— Data —

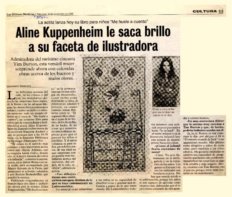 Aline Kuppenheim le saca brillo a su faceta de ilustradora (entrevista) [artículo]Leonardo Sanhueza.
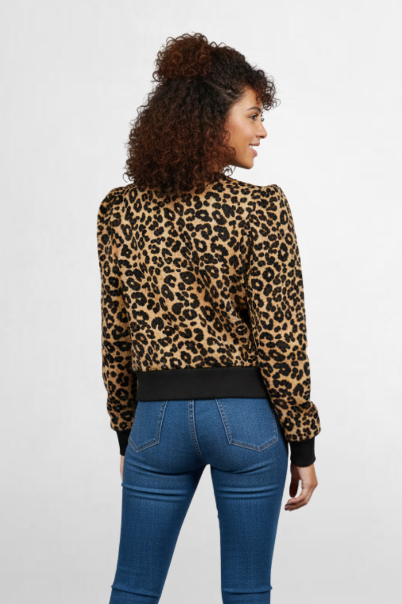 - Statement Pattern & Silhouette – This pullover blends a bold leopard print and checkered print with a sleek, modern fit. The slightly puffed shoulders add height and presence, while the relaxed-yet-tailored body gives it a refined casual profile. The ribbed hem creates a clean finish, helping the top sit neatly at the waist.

--

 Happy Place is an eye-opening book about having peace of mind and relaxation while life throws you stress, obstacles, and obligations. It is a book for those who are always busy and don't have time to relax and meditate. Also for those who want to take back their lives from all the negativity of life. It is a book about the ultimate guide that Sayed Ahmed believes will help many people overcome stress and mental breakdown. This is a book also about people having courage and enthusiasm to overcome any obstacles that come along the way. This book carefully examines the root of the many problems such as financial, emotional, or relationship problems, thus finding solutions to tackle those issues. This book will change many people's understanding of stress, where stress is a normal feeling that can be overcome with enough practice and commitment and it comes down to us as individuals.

---

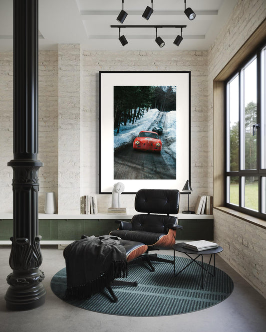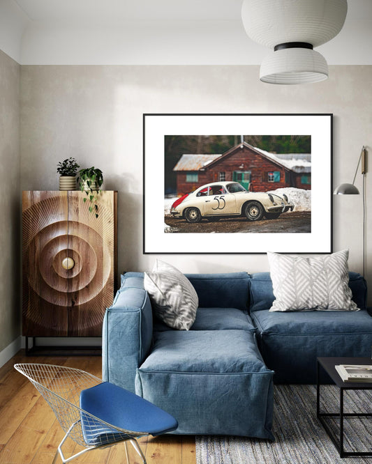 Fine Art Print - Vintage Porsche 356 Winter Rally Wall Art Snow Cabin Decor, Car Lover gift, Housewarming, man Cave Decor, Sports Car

— Task description —
Repeat, without pictures, exactly the lines of the data above from the one containing "Aline Kuppenheim le" through the one containing "- Statement Pattern", including both and adding nothing.

— Answer for this exercise —
 Aline Kuppenheim le saca brillo a su faceta de ilustradora (entrevista) [artículo]Leonardo Sanhueza.
 - Statement Pattern & Silhouette – This pullover blends a bold leopard print and checkered print with a sleek, modern fit. The slightly puffed shoulders add height and presence, while the relaxed-yet-tailored body gives it a refined casual profile. The ribbed hem creates a clean finish, helping the top sit neatly at the waist.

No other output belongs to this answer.